Gefälschte Hitler-Tagebücher im "Stern"


Auf einer Pressekonferenz am 25. April 1983 präsentierte die Illustrierte „Stern“ angeblich von Adolf Hitler stammende Tagebücher: 62 Kladden mit privaten und politischen Überlegungen des „Führers“. Die Geschichte des „Dritten Reiches“ müsse neu geschrieben werden, hieß es. Der „Stern“-Reporter Gerd Heidemann (* 1931), der sich in Siegerpose fotografieren ließ, berichtete vor rund zweihundert Journalisten, die Hitler-Tagebücher seien aus dem Wrack eines in den letzten Tagen des Zweiten Weltkrieges bei Börnersdorf in Sachsen abgestürzten Flugzeuges geborgen und später von einem korrupten General der DDR in die Bundesrepublik verschoben worden. Ein „Gewährsmann“ habe ihm die bis dahin unbekannten Tagebücher Hitlers angeboten. Als jemand fragte, warum auf den Kladden die Initialen FH statt AH standen, meinte Gerd Heidemann, FH stehe für „Führer Hitler“.

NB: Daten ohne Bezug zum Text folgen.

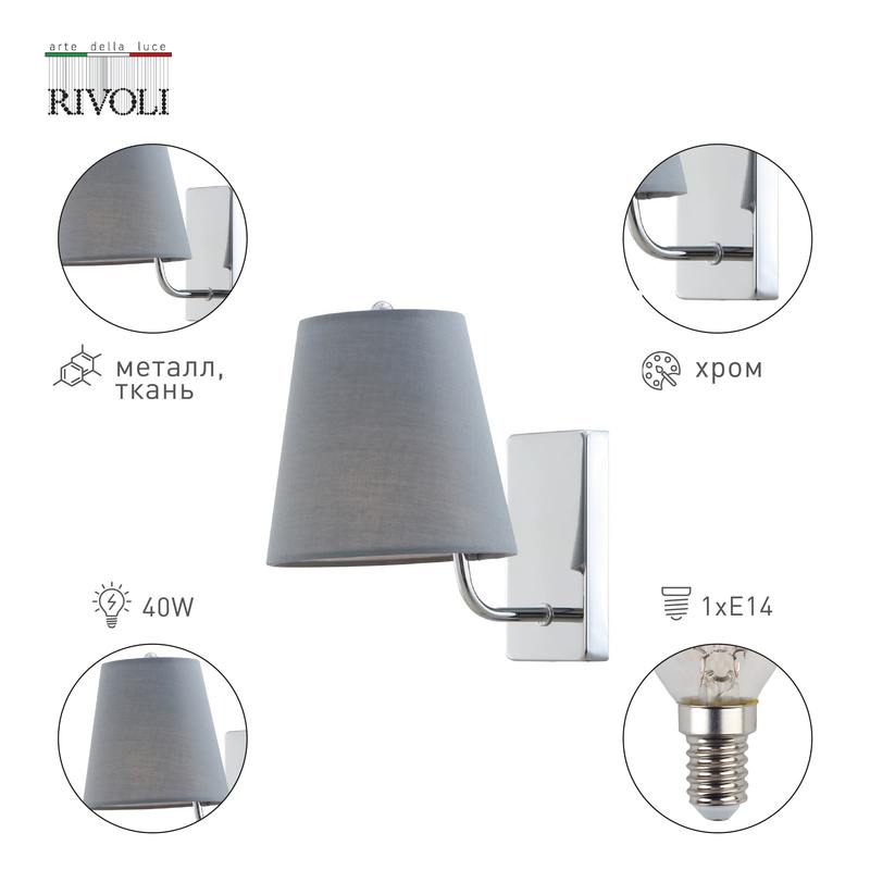 Характеристики Бра светильник Rivoli Evie 2087-401 настенный 1 х Е14 40 Вт классика:
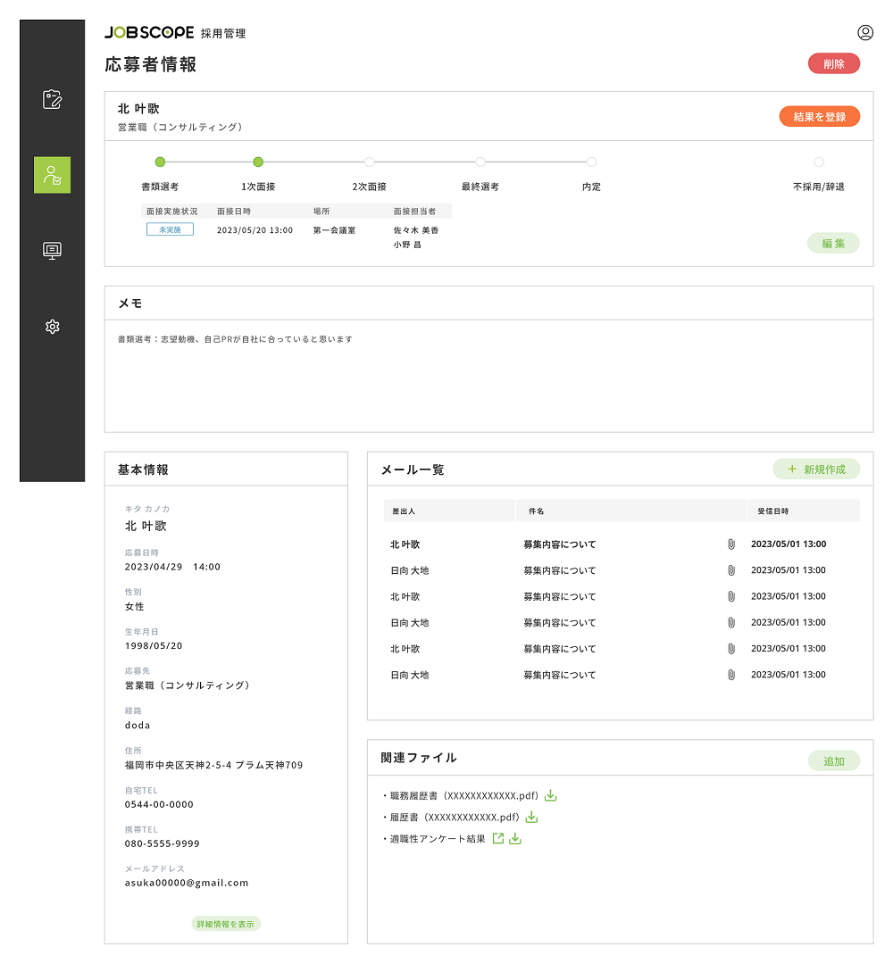 採用管理機能(ATS)では、各種媒体やエージェント会社、及び応募者の情報を一元的に管理して採用プロセスの効率化を図ります。応募者の応募書類管理だけでなく、事前アンケートの設定他、面談日時もお使いのスケジュール管理システムと連動して自動的に面接日時候補を応募者に提案します。また、書類審査後においては、適職性検査として、応募者のパーソナリティ診断、行動特性、コンピテンシー分析、仕事に対する価値観もオンラインサーベイで実施できます。これにより、採用候補者の適職性だけでなく、応募職種での自社とのマッチ度、カルチャーフィットを把握することも可能です。

Drei Tage nach der Pressekonferenz begann der „Stern“ mit dem Abdruck von Auszügen: „Hitlers Tagebücher entdeckt“ lautete die Schlagzeile auf dem Titelblatt der Illustrierten.

Die Tagebücher sind nur ein Teil des Fundes. Heidemann fand Extra-Tagebuchbände des „Führers“ zum Fall Heß, zum Attentat vom 20. Juli 1944, Zeichnungen und Ölbilder des einstigen Kunstmalers Hitler, Bewerbungsschreiben und Liebesbriefe, Gedichte und das handgeschriebene 25-Punkte-Parteiprogramm von 1920 […] Die Geschichte des Dritten Reiches muss teilweise umgeschrieben werden […] Für Historiker und Laien kündigen sich Wochen, Monate und Jahre spannender Lektüre, erregter Diskussionen an. […] Der „Stern“ hat mit großer Sorgfalt die Tagebücher prüfen lassen – ein Aufwand, der in der Historikerzunft nicht immer üblich ist. […] Nach Menschenermessen kann kein Zweifel an der Echtheit bestehen. (Peter Koch: Der Fund. In: „Stern“, 28. April 1983)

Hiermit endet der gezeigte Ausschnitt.